▸ Dataset
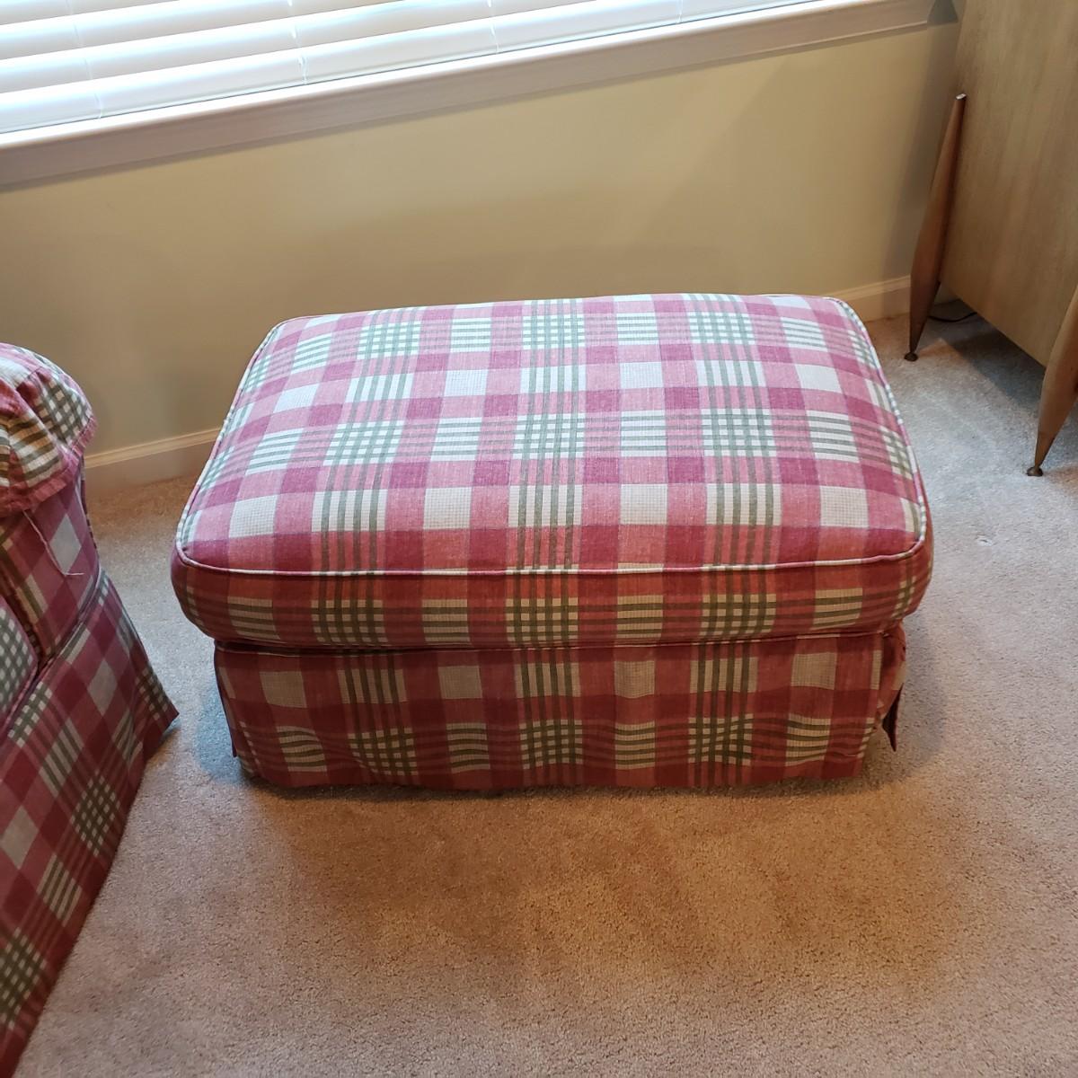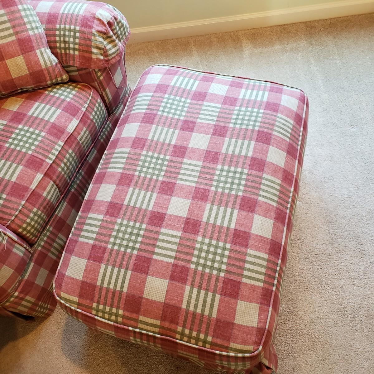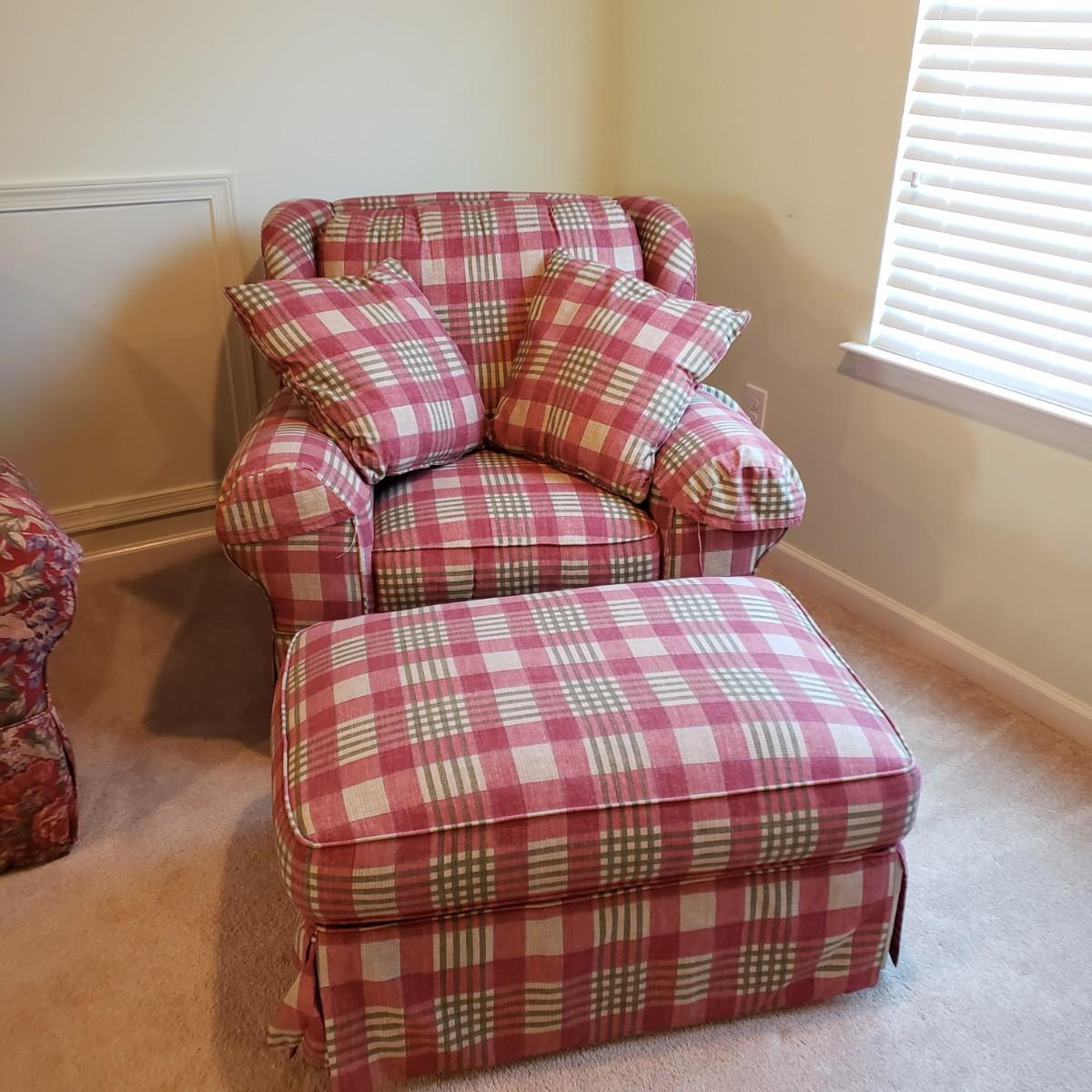 LOT 5X: Flexsteel Plaid Oversized Chair with Ottoman
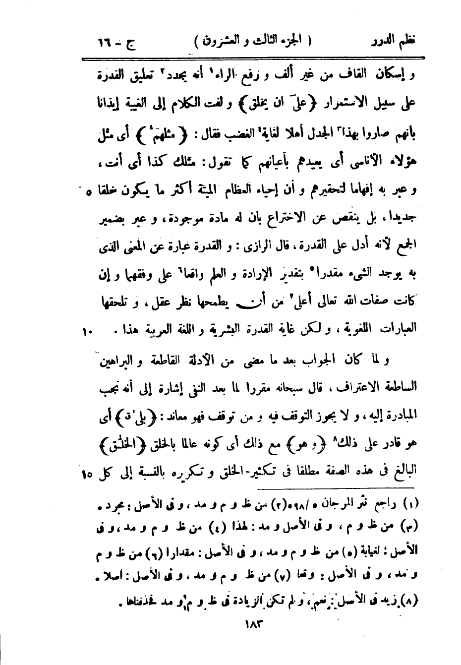 وإسكان القاف من غير ألف ورفع الراء أنه يجدد تعليق القدرة على سبيل الاستمرار {على أن يخلق} ولفت الكلام إلى الغيبة إيذابناً بأنهم صاروا بهذا الجدل أهلاً لغاية الغضب فقال: {مثلهم} أي مثل هؤلاء الأناسي أي يعيدهم بأعيانهم كما تقول: مثلك كذا أي أنت، وعبر به إفهاماً لتحقيرهم وأن إحياء العظام الميتة أكثر ما يكون خلقاً جديداً، بل ينقص عن الاختراع بأن له مادة موجودة، وعبر بضمير الجمع لأنه أدل على القدرة، قال الرازي: والقدرة عبارة عن المعنى الذي به يوجد الشيء مقدراً بتقدير الإرادة والعلم واقعاً على وفقهما وإن كانت صفات الله تعالى أعلى من أن يطمحها نظر عقل، وتلحقها العبارات اللغوية، ولكن غاية القدرة البشرية واللغة العربية هذا.
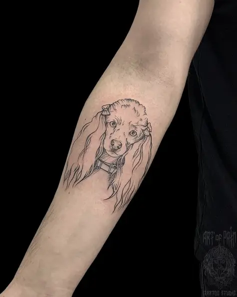 Татуировка мужская графика на предплечье собака 4977
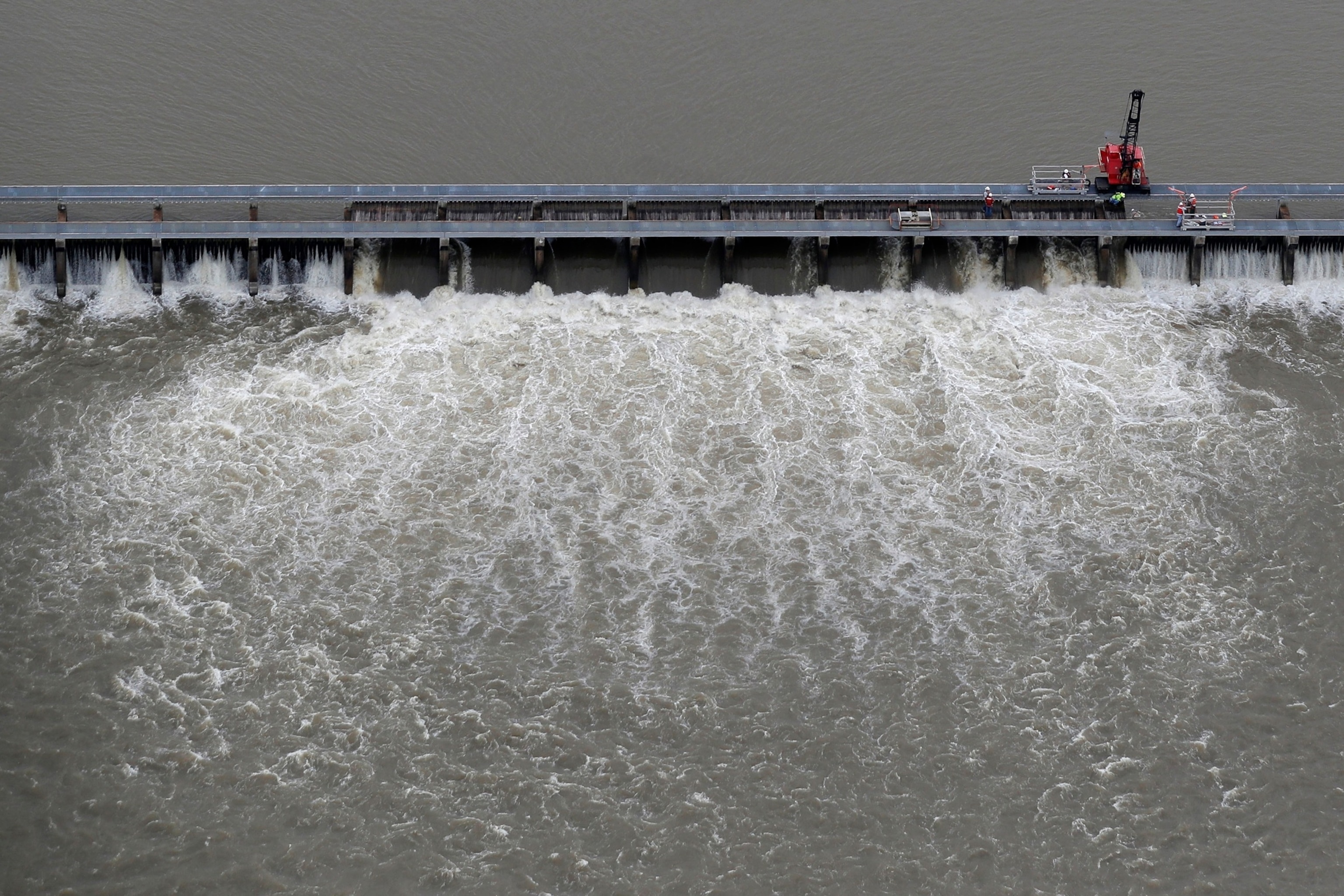 Workers open bays of the Bonnet Carre Spillway, to divert rising water from the Mississippi River to Lake Pontchartrain, in Norco, La., May 10, 2019. Gerald Herbert/AP
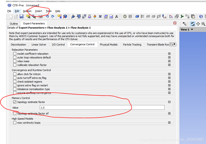 pre前处理里面:Insert->solver->expert parameter->Convergence Control-> Memory Control下面的topology estimate factor 和/或 topology estimate factor zif 的因子由1适当调高,如1.2,表示分配空间提高20%。在计算网格量巨大的时候,还可再适当提高。
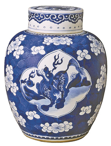 故宫博物院收藏的一件青花冰梅开光异兽图盖罐(下图),是清代康熙时期的瓷器珍品,通高为25厘米,口径8厘米,足径13厘米。其罐身上冰梅花瓣细腻生动,梅花错落有致,繁密浓烈,艳而不俗,营造出“冰天雪地映寒梅”的意境。在冰梅纹的背景上,开光(即圆形、长方形等外框)内绘制传说中的瑞兽麒麟。麒麟全身麟甲,龙头、鹿角、狼爪、牛尾,立于波涛汹涌中的岩石之上。“异兽图”的加入,打破了冰梅纹的单一性,使器物在文人雅趣中增添了皇家威严与吉祥寓意。该罐的通高、口径和足径均适中,既适合作为陈设观赏之用,也具有一定的实用性。其造型端庄、饱满,线条流畅自然,体现了康熙时期瓷器制作的精湛工艺。
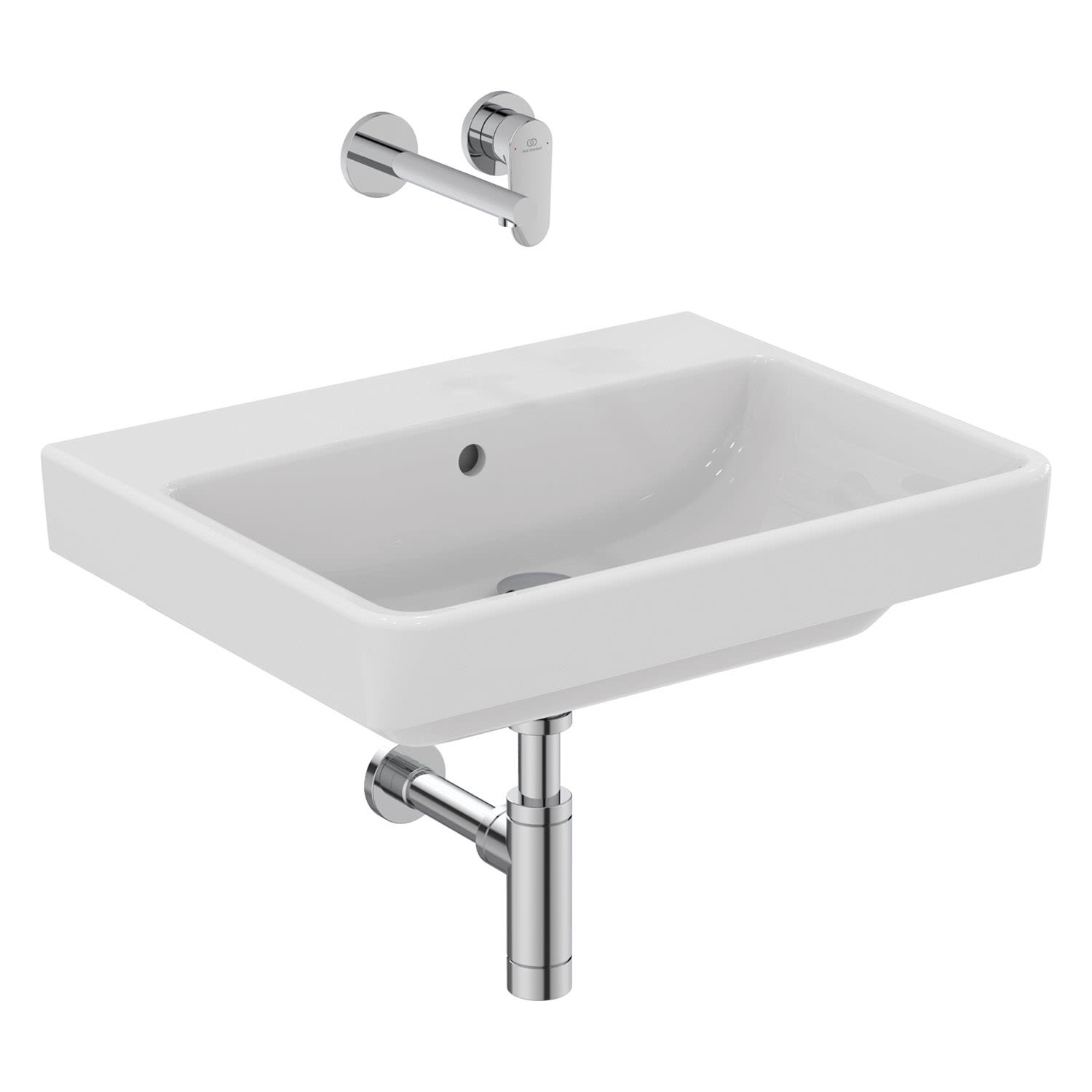 Der i.life B Waschtisch von Ideal Standard ist eine stilvolle Wahl für Ihr Badezimmer. Die Serie zeichnet sich durch ein zeitgemäßes Design aus, das schlicht und elegant ist, sich harmonisch in verschiedenste Einrichtungsstile einfügt und eine Atmosphäre von Ruhe und Eleganz schafft. Genießen Sie die schlichte Eleganz des weißen Waschtischs, der 60 cm breit ist und über einen Überlauf verfügt. Wand-Armaturen sind die perfekte Ergänzung für einen Waschtisch ohne Hahnloch. Gefertigt aus hochwertigem Feinfeuerton überzeugt der Waschtisch nicht nur durch seine zeitlose Ästhetik, sondern auch durch seine langlebige Qualität. Dieser Waschtisch ist unterbaufähig, wodurch eine nahtlose, elegante und moderne Optik entsteht.
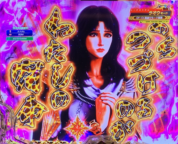 図柄フリーズ 変動開始時に図柄がロックされ、オーラの色が変化するほど期待度がアップする。 ロゴ役物発光 ロゴ役物がフラッシュし、色が赤なら期待度アップ。 暴凶星予告 暴凶星ラオウリーチへ発展する期待大の予告。 セリフ予告 吹き出しの色が赤なら期待度アップ。 ステップアップ予告 ステージによってステップアップの種類が異なるが、文字色が赤やキリン柄なら期待大。 デカセリフ予告 セリフの色がキリン柄なら期待大。 ※HAZUSE調べによるものです。
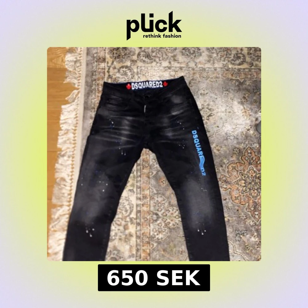 Säljer ett par svarta jeans från Dsquared2 med blå logotyptryck på benet och coola färgstänk. Skinny fit och klassisk femficksmodell. Snygg Dsquared2-patch baktill med röd lönnlöv. Perfekt för dig som gillar streetwear och detaljer. Använd 5-6 gånger passar längd mellan 170-180 cm.
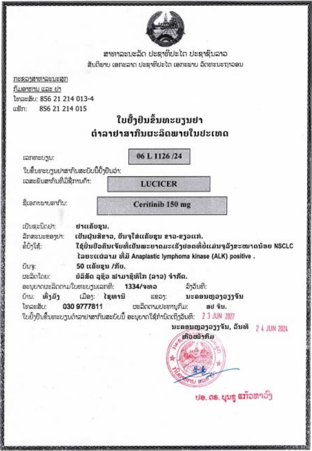 | 适用于: | LuciCer是一种激酶抑制剂,适用于治疗经FDA批准的检测呈间变性淋巴瘤激酶(ALK)阳性的转移性非小细胞肺癌(NSCLC)的成人患者。 |
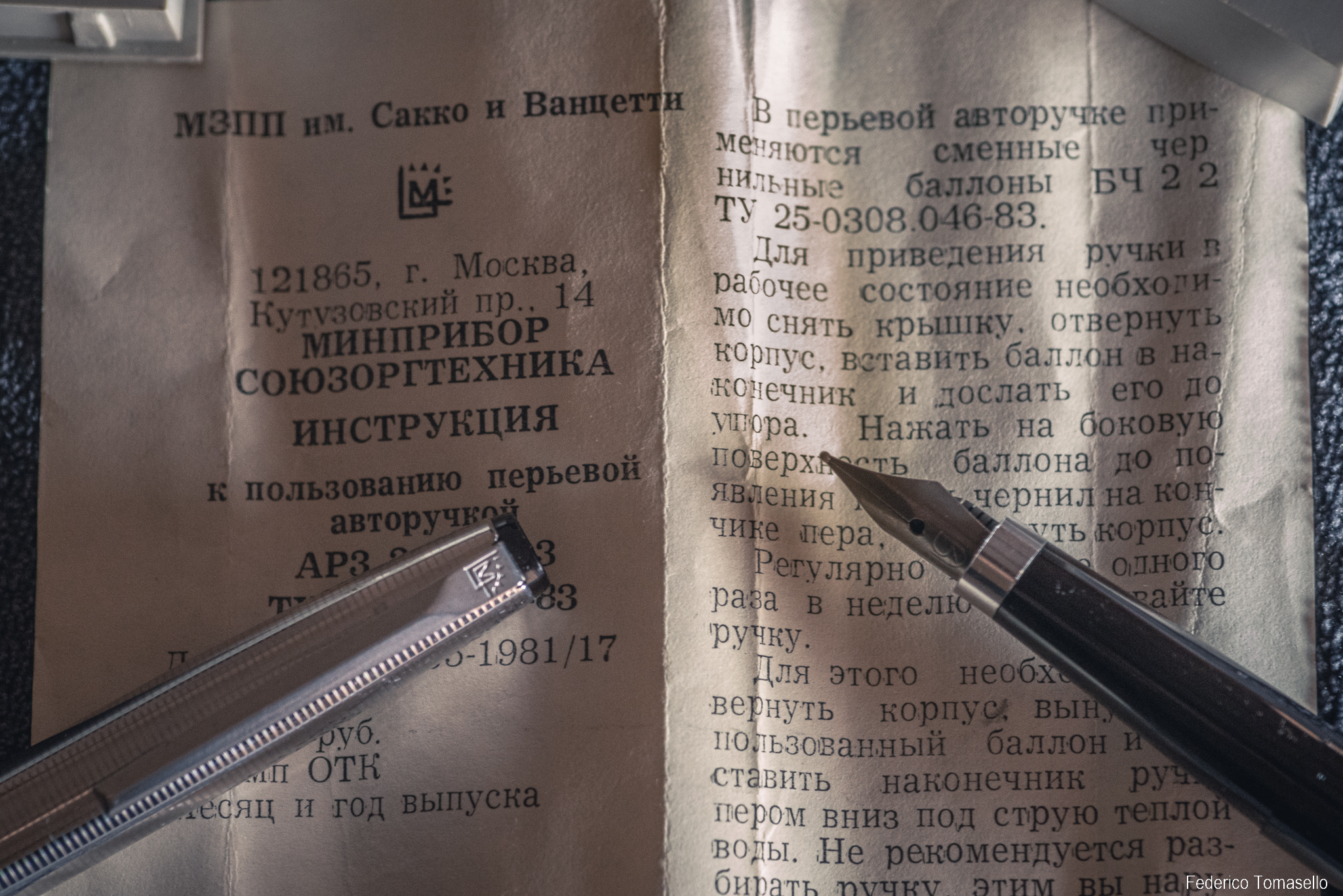 La seconda penna sovietica è giunta nelle mie mani, corredata di "passaporto" (il foglietto con le indicazioni di produzione di molti prodotti sovietici) e di scatoletta di plastica grigia (come da stereotipo occidentale sulla capacità coloristica dell'est), ma purtroppo senza alcuna pompetta, converter, cartuccia o caricatore.
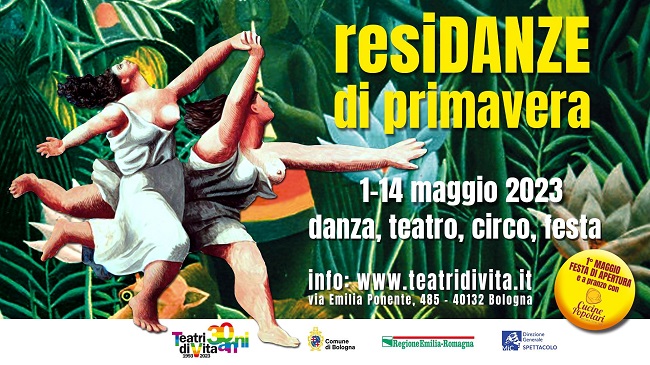 BOLOGNA – La settima edizione delle “resiDANZE di primavera”, nell’anno del trentennale di Teatri di Vita, riserva un ricco programma di 10 spettacoli ed eventi performativi (di cui uno composto a sua volta da 15 creazioni apposite site-specific) in teatro e all’aperto, fra danza, teatro, poetry slam e circo contemporaneo, dopo un’inaugurazione festosa il Primo Maggio con il “microfono aperto” per chiunque si voglia esibire e con il pranzo solidale delle Cucine Popolari. L’appuntamento è a Teatri di Vita (via Emilia Ponente 485, Bologna; tel. 333.4666333; teatridivita.it) e all’aperto nel Parco dei Pini, dall’1 al 14 maggio.

▸ Exercise details
Text only, no pictures: please print exactly the lines above from the line with "Татуировка мужская графика" up to and including the line with "pre前处理里面:Insert->solver->expert parameter->Convergence Control->", and nothing else.

▸ Solution for this task
 Татуировка мужская графика на предплечье собака 4977
 Workers open bays of the Bonnet Carre Spillway, to divert rising water from the Mississippi River to Lake Pontchartrain, in Norco, La., May 10, 2019. Gerald Herbert/AP
 pre前处理里面:Insert->solver->expert parameter->Convergence Control-> Memory Control下面的topology estimate factor 和/或 topology estimate factor zif 的因子由1适当调高,如1.2,表示分配空间提高20%。在计算网格量巨大的时候,还可再适当提高。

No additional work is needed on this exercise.